Two-week-old seedlings are treated with a moving LED array (52.8 mm/s). Seedlings are treated using UV-B for three days with a 10 hour photo period in a growth chamber with a temperature of 17° C. Background lighting (PAR) is supplied by overhead stationary red and blue LEDs (100 μmol m−2 s−1). Control seedlings receive PAR from overhead stationary red and blue LEDs (100 μmol m−2 s−1) only. Seedlings are treated with UV-B for a period of three or seven days with a photo period of 16 hours under standard glasshouse conditions.

A group of seedlings administered UV-B are planted in a first field. A group of control seedlings are planted in a second field. A group of seedlings administered UV-B and a group of control seedlings are planted in a third field.
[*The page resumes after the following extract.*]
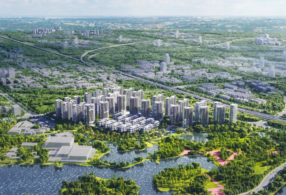 项目占地约258亩,容积率2.0,绿地率40%,规划建面约122-143㎡、建面约168-225㎡空中大平层,以及建面约233-266㎡湖屿叠院,整体采用南低北高的台地式布局。
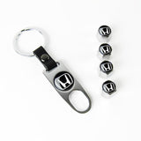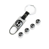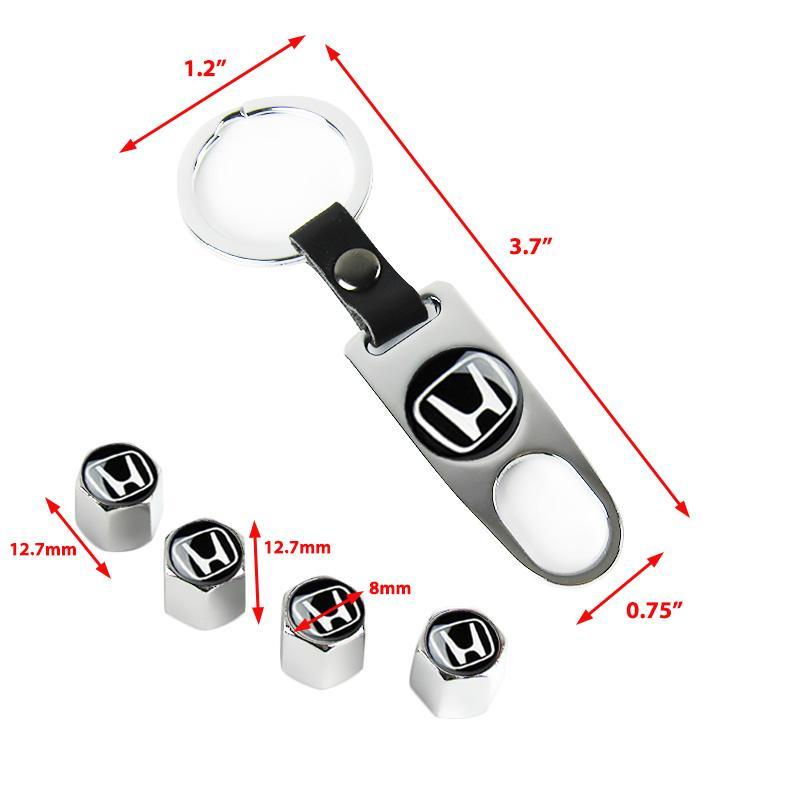 HONDA LOGO Set Emblems with Silver Keychain Wheel Tire Valves Air Caps - US SELLER

After 2 weeks of growth, plants are infected with a disease. At each day from 7-10 days post inoculation, plants are sampled from each field to calculate disease measures, including spore count and disease severity. Plants derived from seedlings that are pre-treated with UV-B radiation have a reduction in all disease measures compared to plants derived from control seedlings. Furthermore, disease levels are also lower in the field containing a mixture of pre-treated seedlings and control seedlings when compared to the control field, although they are higher than in the field containing only UV-B treated plants.

This example shows that pre-treating seedlings using UV-B radiation reduces their susceptibility to disease when planted in a field. Furthermore, this reduction in disease can improve the overall disease susceptibility of a field, even when the field includes plants that are not derived from UV-B treated seedlings.
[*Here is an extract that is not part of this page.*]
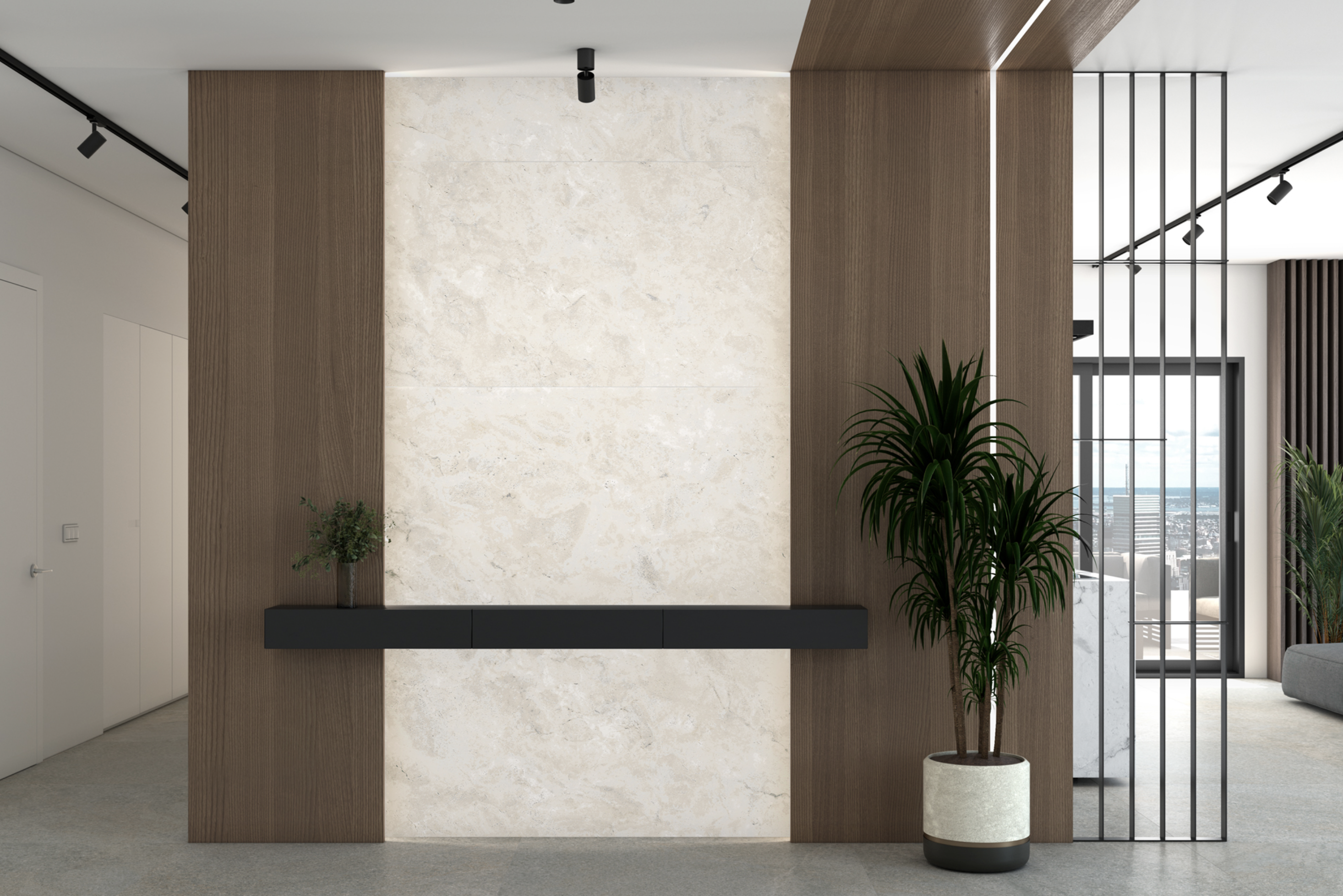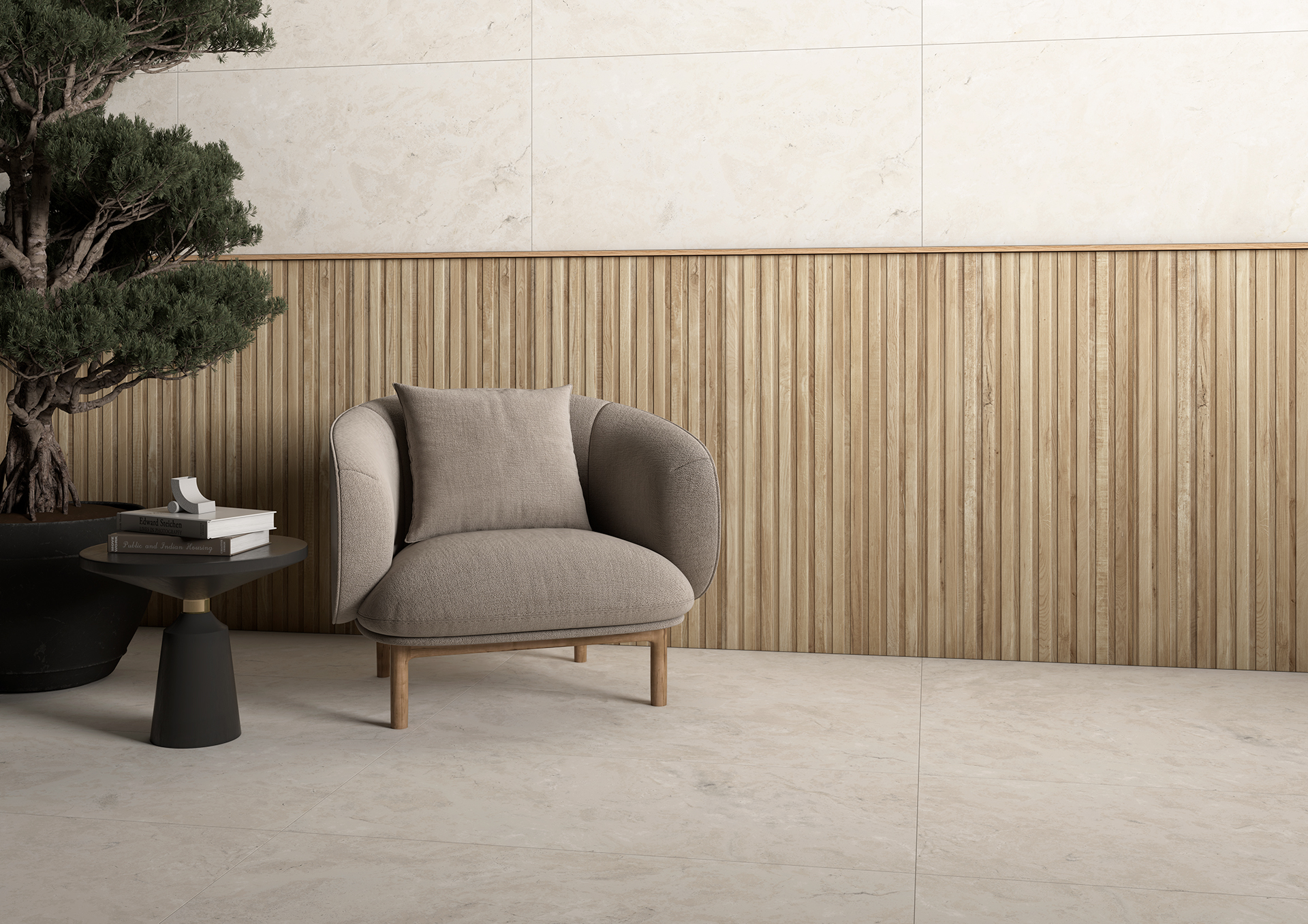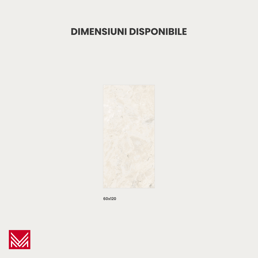 Vă propunem placa ceramică PRIMA cu efect de beton minimalist, fabricată în Italia, dimensiuni 60x60 cm, suprafață mată.
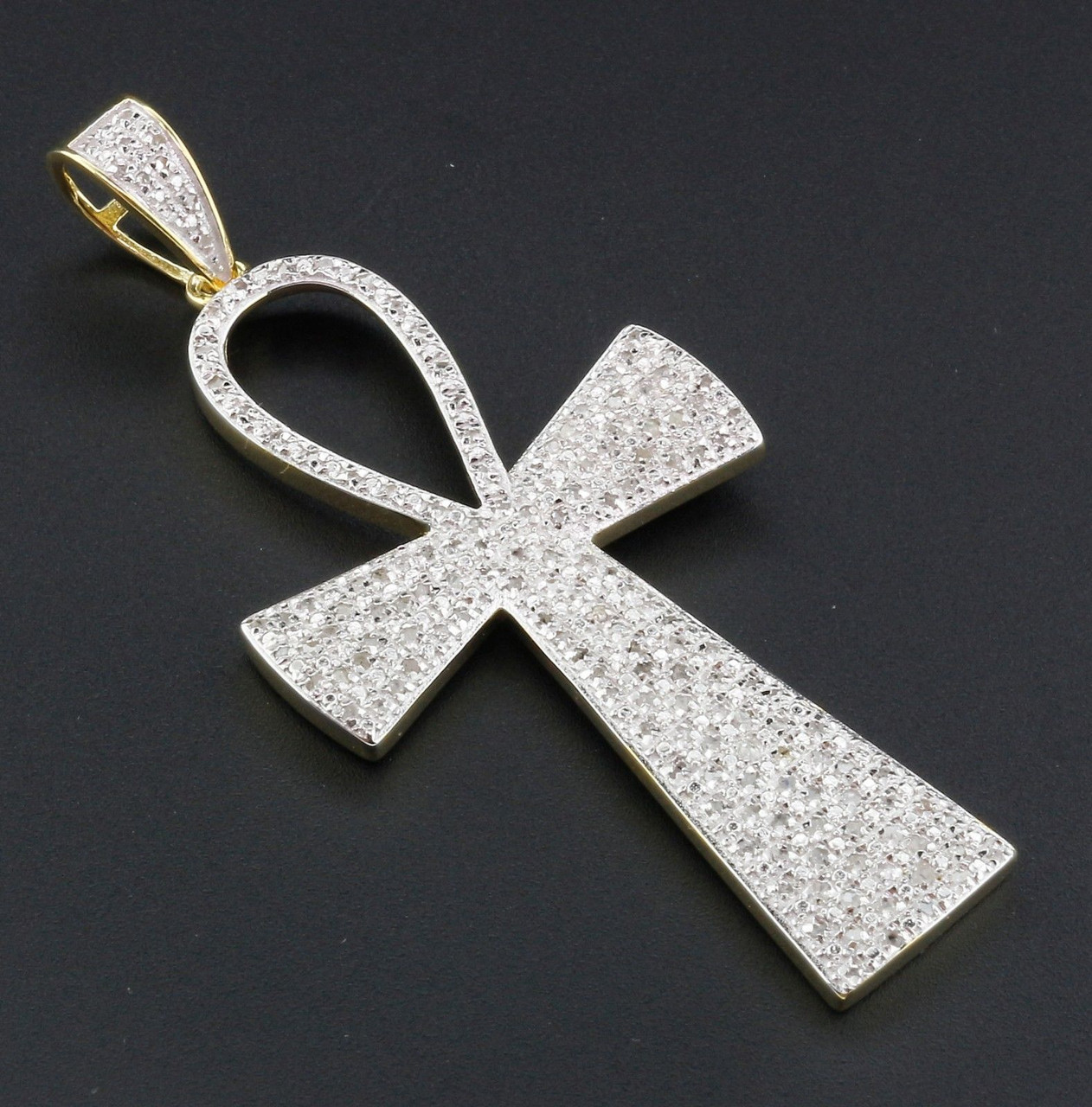 Jewelry For Less brings to you this beautiful Ankh Cross Pendant. Set in real .925 Sterling Silver with yellow polishing to give this pendant a real 10K Yellow Gold look for just fraction of the price. The diamonds are round cut and are pave set. This pendant is open back. All the diamonds are matching clarity & color.

Example 12 Analyzing Phenolic Levels in Seeds to Identify Disease Resistant Plants

This example assesses the effectiveness of pre-treating seeds to identify plants that will be disease resistant prior to planting in a field.
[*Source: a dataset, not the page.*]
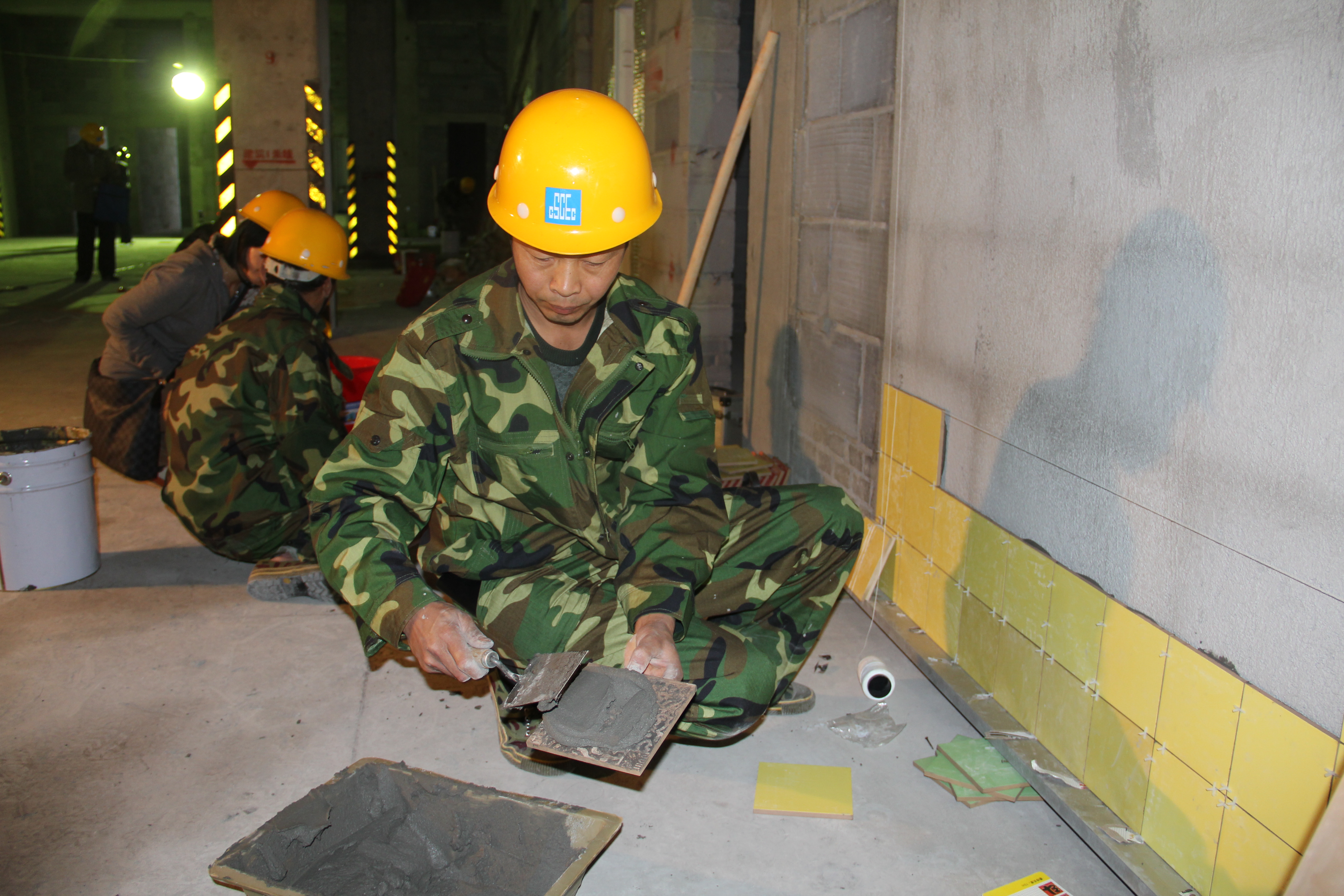 寧總首先致開幕詞,裁判員代表、勞務(wù)工人代表分別進行了宣誓。上午9時整,公司工會辦公室副主任畢延寶宣布比賽正式開始。本次比賽分為理論知識考試和技能實操比賽,比賽工種包括砌筑工、鑲貼工。在作業(yè)比賽中,參賽的勞務(wù)工人紛紛展示了各自精湛的技藝,令在場的觀摩人員連聲稱贊,各比賽團隊為充分展現(xiàn)自身實力,均拿出了“看家本領(lǐng)”,技能比賽進行得十分激烈。

Seeds are primed using PEG solution and are concurrently administered UV-B having a dose of 0 kJ m−2 h−1(control), 1.3 kJ m−2 h−1, 1.7 kJ m−2 h−1, 2.9 kJ m−2 h−1, 2.6 kJ m−2 h−1, 3.6 kJ m−2 h−1, 4.1 kJ m−2 h−1, or 4.8 kJ m−2 h−1. UV-B is administered for up to 27 hours. After treatment, seeds are placed in a humidity chamber at 24° C., 50% relative humidity for 24 hours to dry. Once dried, seeds are stored in a refrigerator.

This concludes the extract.